▶ _What this task involves_
The entries shown here must be retyped in full, with no pictures included.

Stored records
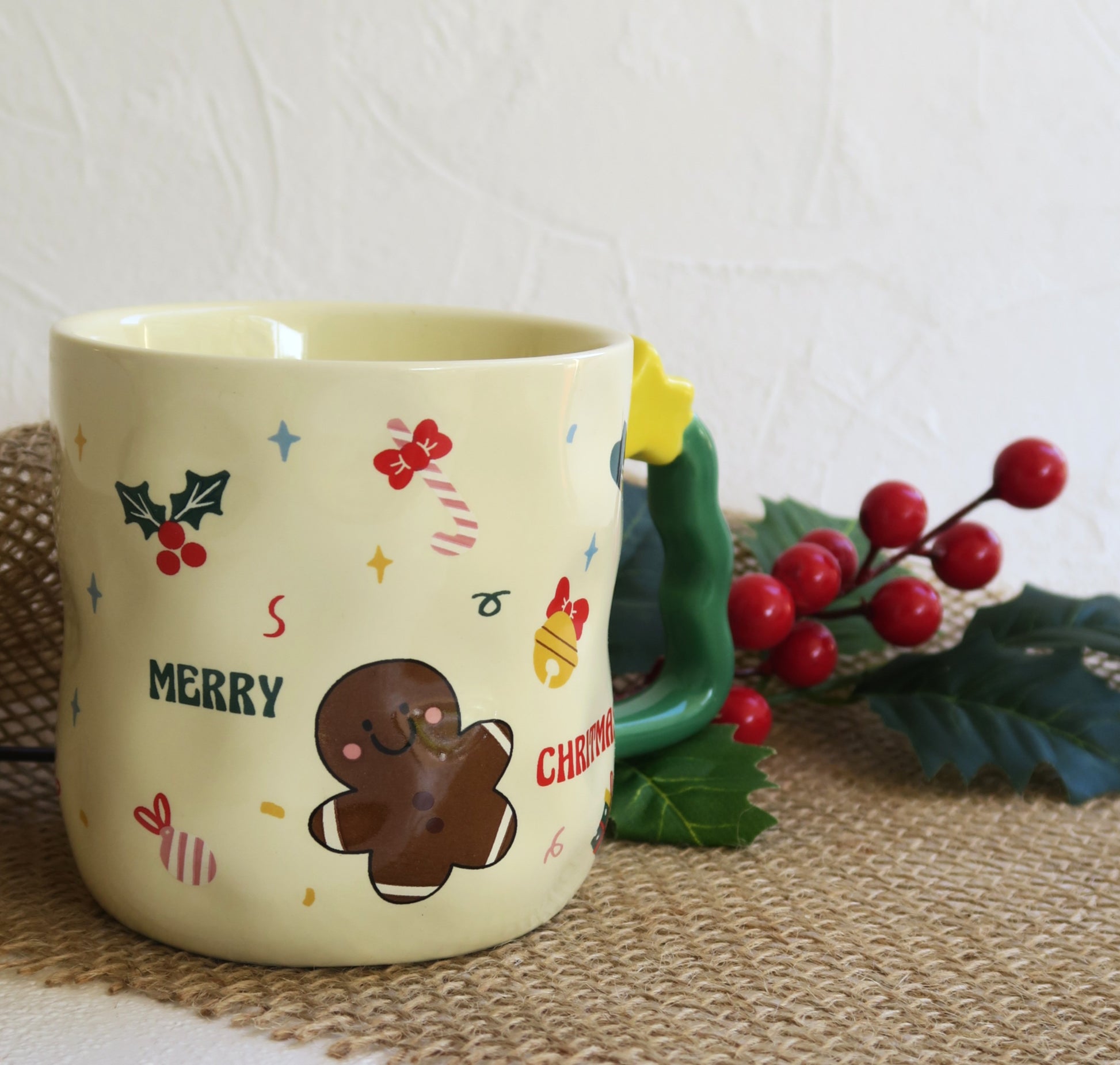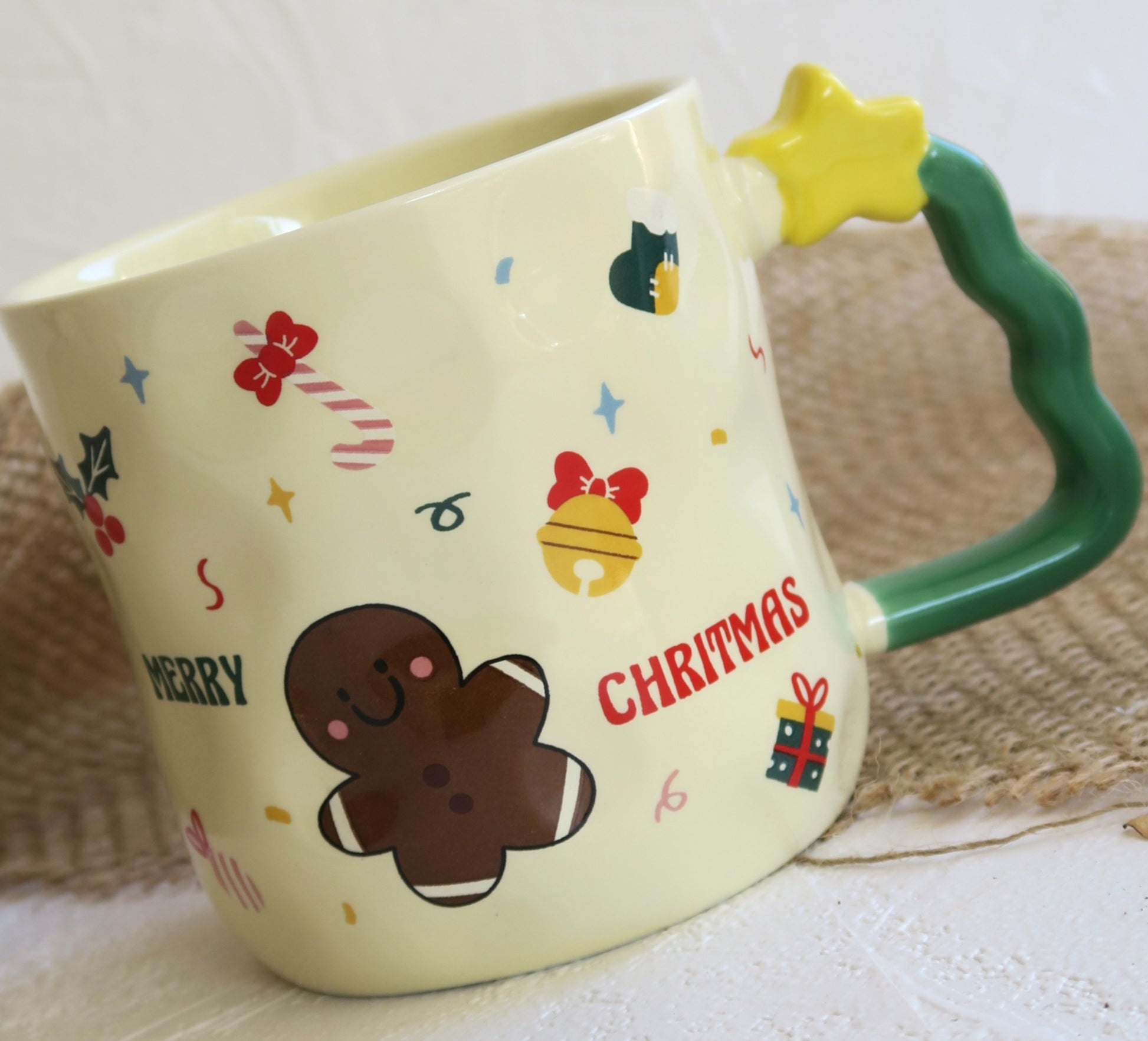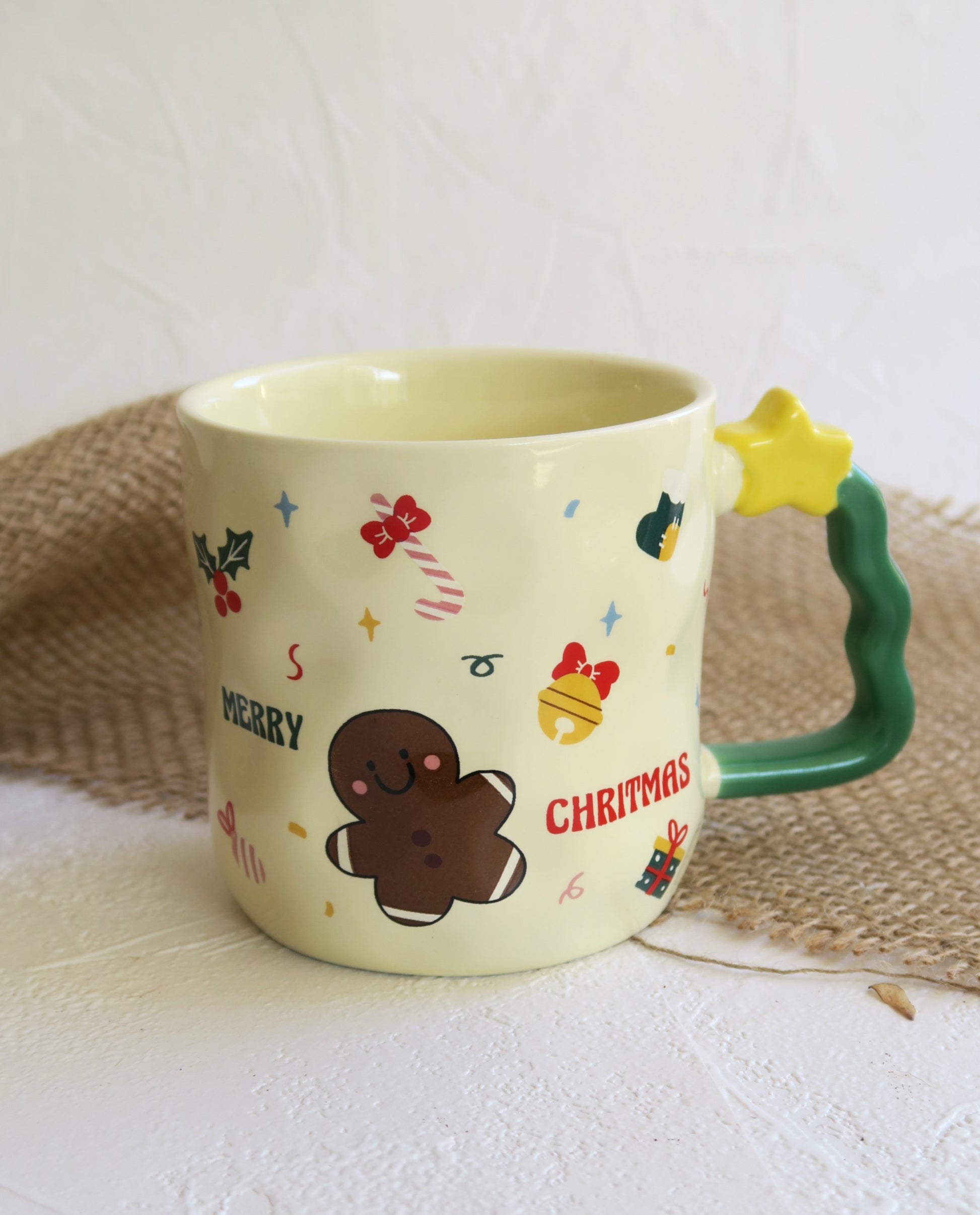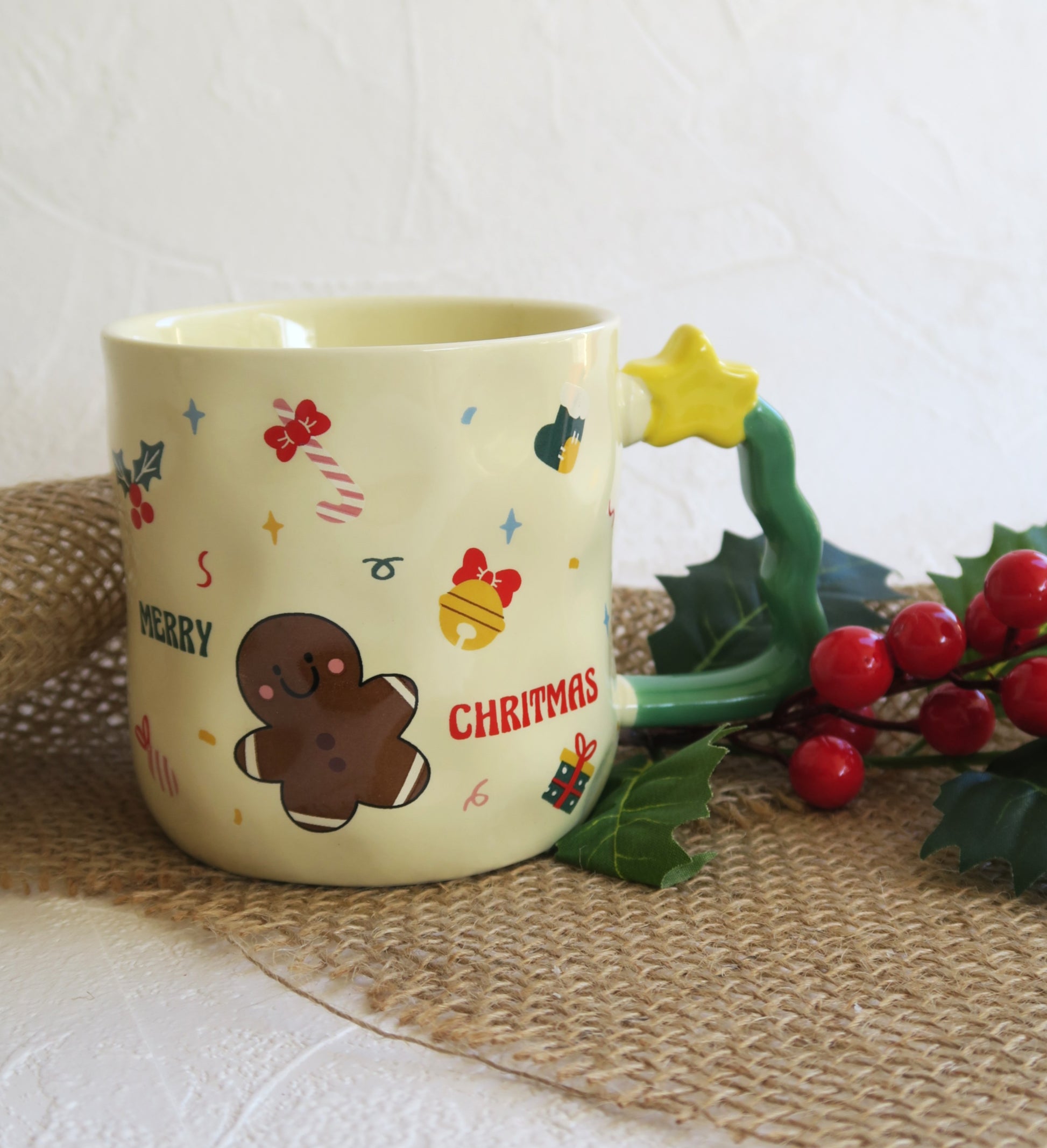 Χριστουγεννιάτικη κούπα με χαρούμενα σχέδια και αστέρι στη λαβή.
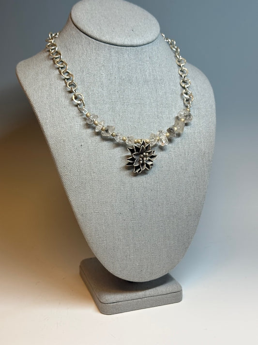 STERLING SILVER BLOOM PENDANT WITH HERKIMER ROUGH CUT DIAMOND NECKLACE LCN688
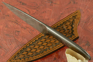 Kevin built a leather sheath for this kitchen knife to protect the edge while being transported.
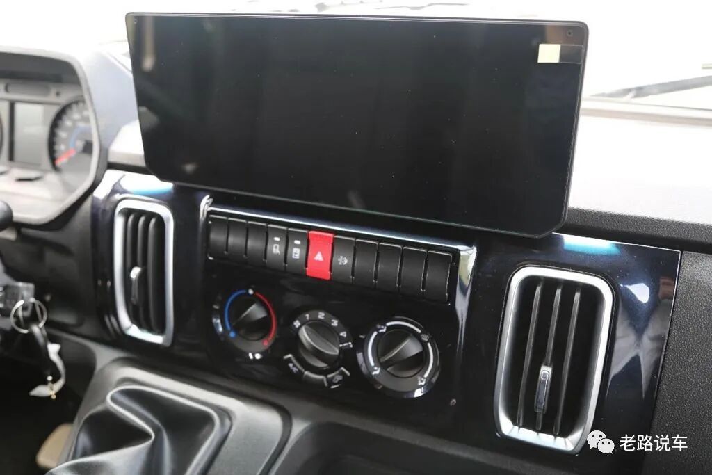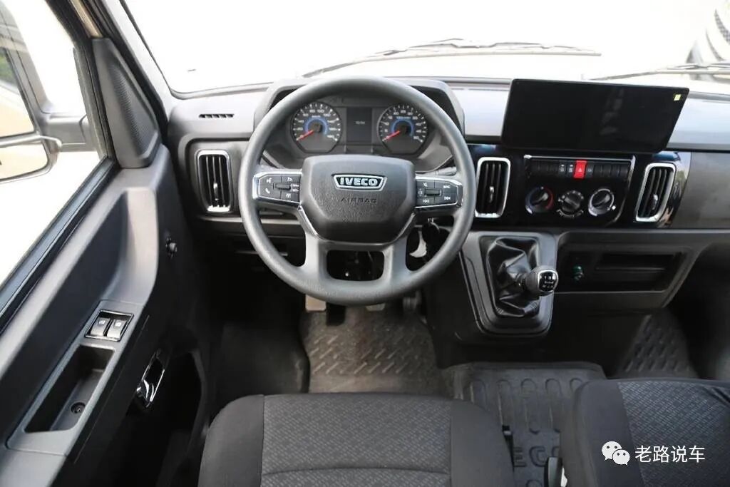 仪表台上方为12.3寸高清触控大屏,搭载第3代IVECONNECT智能交互系统,支持语音操控等多种智能功能。下方为控制按键区域,按键面积大,便于操控。
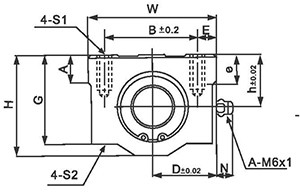 | 密封型 | 轴径 | h | D | W | L | H | G | A | B | C | E | S1xe | S2 | |
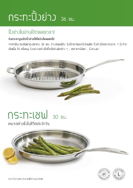 กระทะมีขนาดเส้นผ่าศูนย์กลาง 36 ซม. ด้ามจับมนโค้ง จับได้กระชับและไม่ร้อนมือ ปิ้งย่างได้คราวละมาก ๆ ไม่ว่าจะ
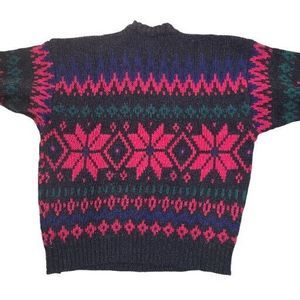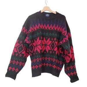 Vintage GAP Sweater Mens Blue Red Green Fair Isle Snowflake 100% Wool Large
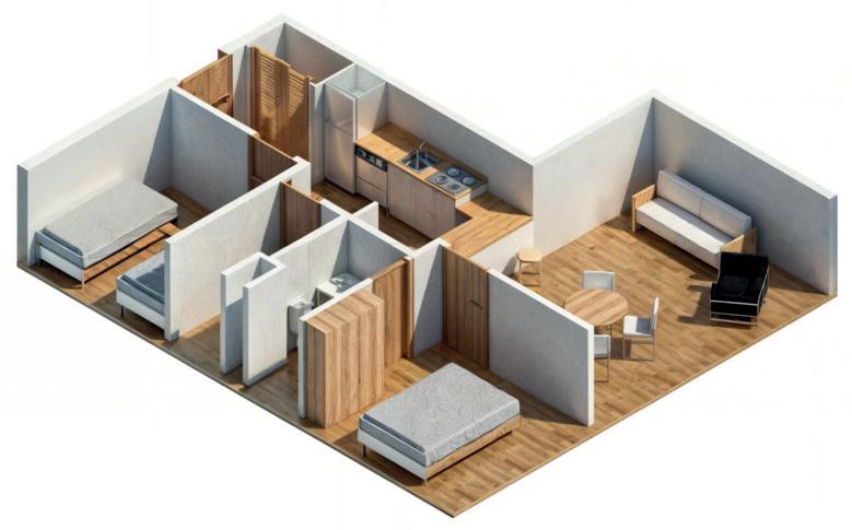 El diseÒo de las unidades de vivienda se desarrolla en base a una malla modular de 20 x 20 cm, que establece un sistema ordenado y flexible. Este enfoque permite configurar los mÛdulos siguiendo criterios de disposiciÛn funcional y medidas recomendadas para optimizar el uso de los espacios. Cada mÛdulo responde a las necesidades específicas de habitabilidad, asegurando la armonÌa entre eficiencia espacial y confort.
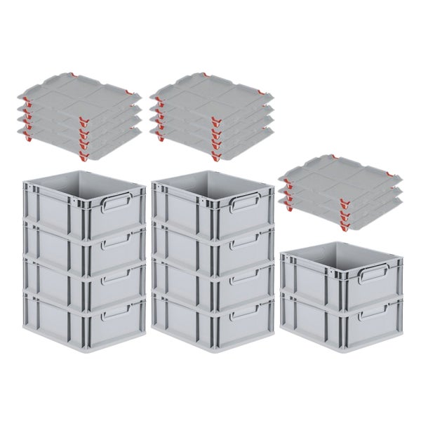 PROREGAL SuperSparSet 10x Eurobox NextGen Grip mit Auflagedeckel mit 4 Roten Schiebeschnappverschlüssen HxBxT 17 x 30 x 40 cm 16 Liter
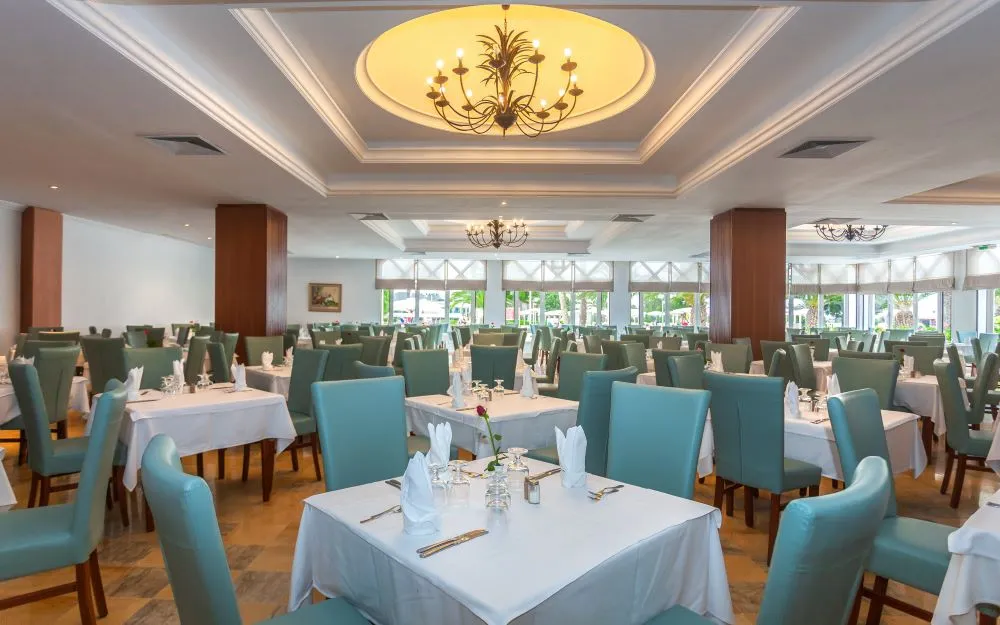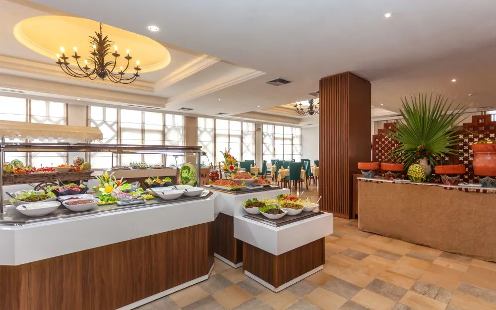 Restaurant principal tip bufet, Restaurant a la carte: ”El Fell”, restaurant pe plajă; Baruri: Coffee Shop, ”Camelia” Bar, ”Dahlia” Piano Bar, ”Equinox” Bar, ”Les Jasmins” Cafe, ”Le Palace” Disco.
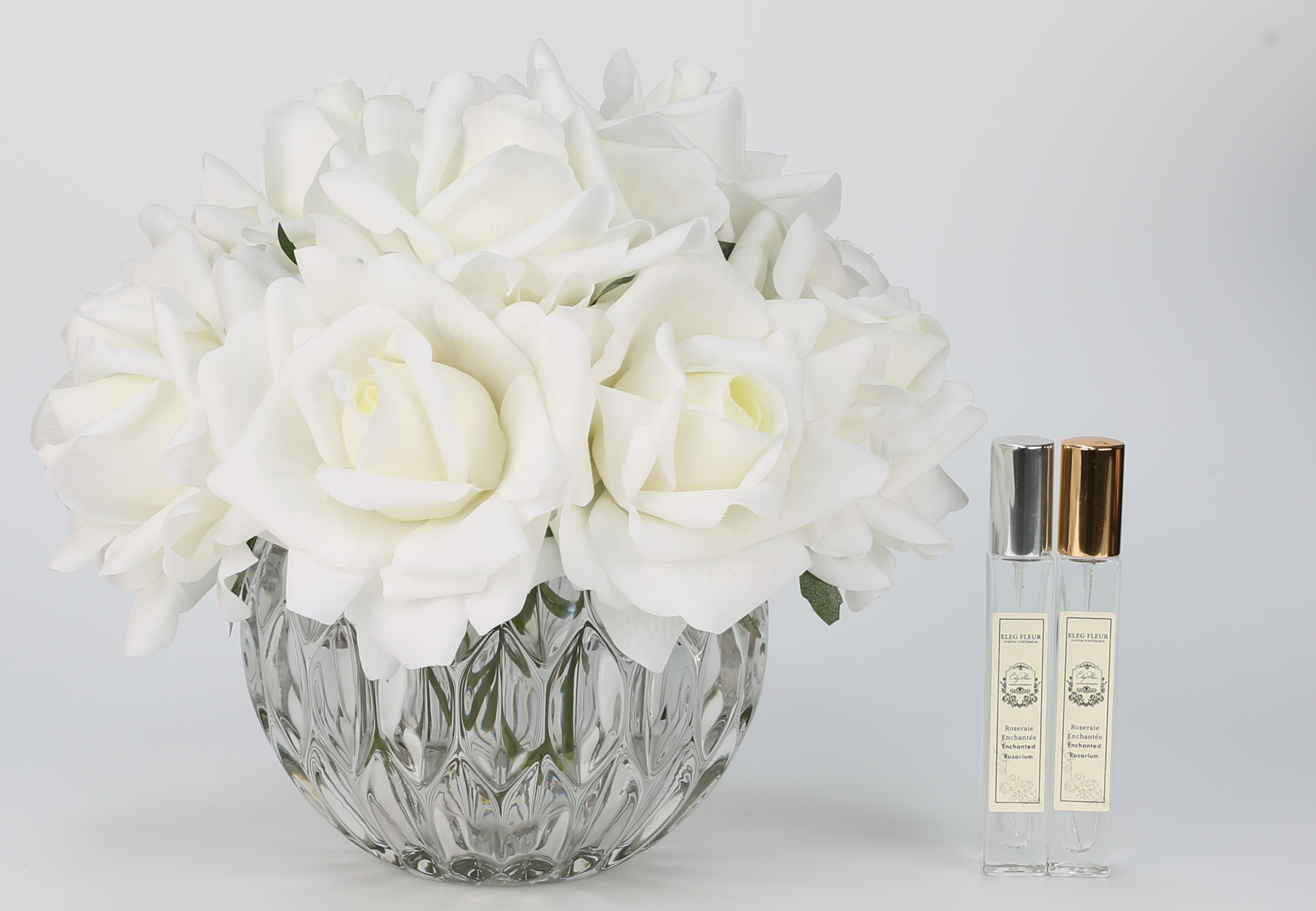The ElegFleur - Spherical Vase Rose Bouquet - White presents an elegant blend of artful florals and contemporary design. Each bloom is a meticulously handcrafted artificial rose—designed not to mimic nature, but to reinterpret it through refined craftsmanship. Nestled within a transparent spherical glass cup with delicate embossed leaf textures, the bouquet radiates timeless beauty and serene sophistication.

▶ _Task solution_
 Χριστουγεννιάτικη κούπα με χαρούμενα σχέδια και αστέρι στη λαβή.
 STERLING SILVER BLOOM PENDANT WITH HERKIMER ROUGH CUT DIAMOND NECKLACE LCN688
 Kevin built a leather sheath for this kitchen knife to protect the edge while being transported.
 仪表台上方为12.3寸高清触控大屏,搭载第3代IVECONNECT智能交互系统,支持语音操控等多种智能功能。下方为控制按键区域,按键面积大,便于操控。
 | 密封型 | 轴径 | h | D | W | L | H | G | A | B | C | E | S1xe | S2 | |
 กระทะมีขนาดเส้นผ่าศูนย์กลาง 36 ซม. ด้ามจับมนโค้ง จับได้กระชับและไม่ร้อนมือ ปิ้งย่างได้คราวละมาก ๆ ไม่ว่าจะ
 Vintage GAP Sweater Mens Blue Red Green Fair Isle Snowflake 100% Wool Large
 El diseÒo de las unidades de vivienda se desarrolla en base a una malla modular de 20 x 20 cm, que establece un sistema ordenado y flexible. Este enfoque permite configurar los mÛdulos siguiendo criterios de disposiciÛn funcional y medidas recomendadas para optimizar el uso de los espacios. Cada mÛdulo responde a las necesidades específicas de habitabilidad, asegurando la armonÌa entre eficiencia espacial y confort.
 PROREGAL SuperSparSet 10x Eurobox NextGen Grip mit Auflagedeckel mit 4 Roten Schiebeschnappverschlüssen HxBxT 17 x 30 x 40 cm 16 Liter
 Restaurant principal tip bufet, Restaurant a la carte: ”El Fell”, restaurant pe plajă; Baruri: Coffee Shop, ”Camelia” Bar, ”Dahlia” Piano Bar, ”Equinox” Bar, ”Les Jasmins” Cafe, ”Le Palace” Disco.
The ElegFleur - Spherical Vase Rose Bouquet - White presents an elegant blend of artful florals and contemporary design. Each bloom is a meticulously handcrafted artificial rose—designed not to mimic nature, but to reinterpret it through refined craftsmanship. Nestled within a transparent spherical glass cup with delicate embossed leaf textures, the bouquet radiates timeless beauty and serene sophistication.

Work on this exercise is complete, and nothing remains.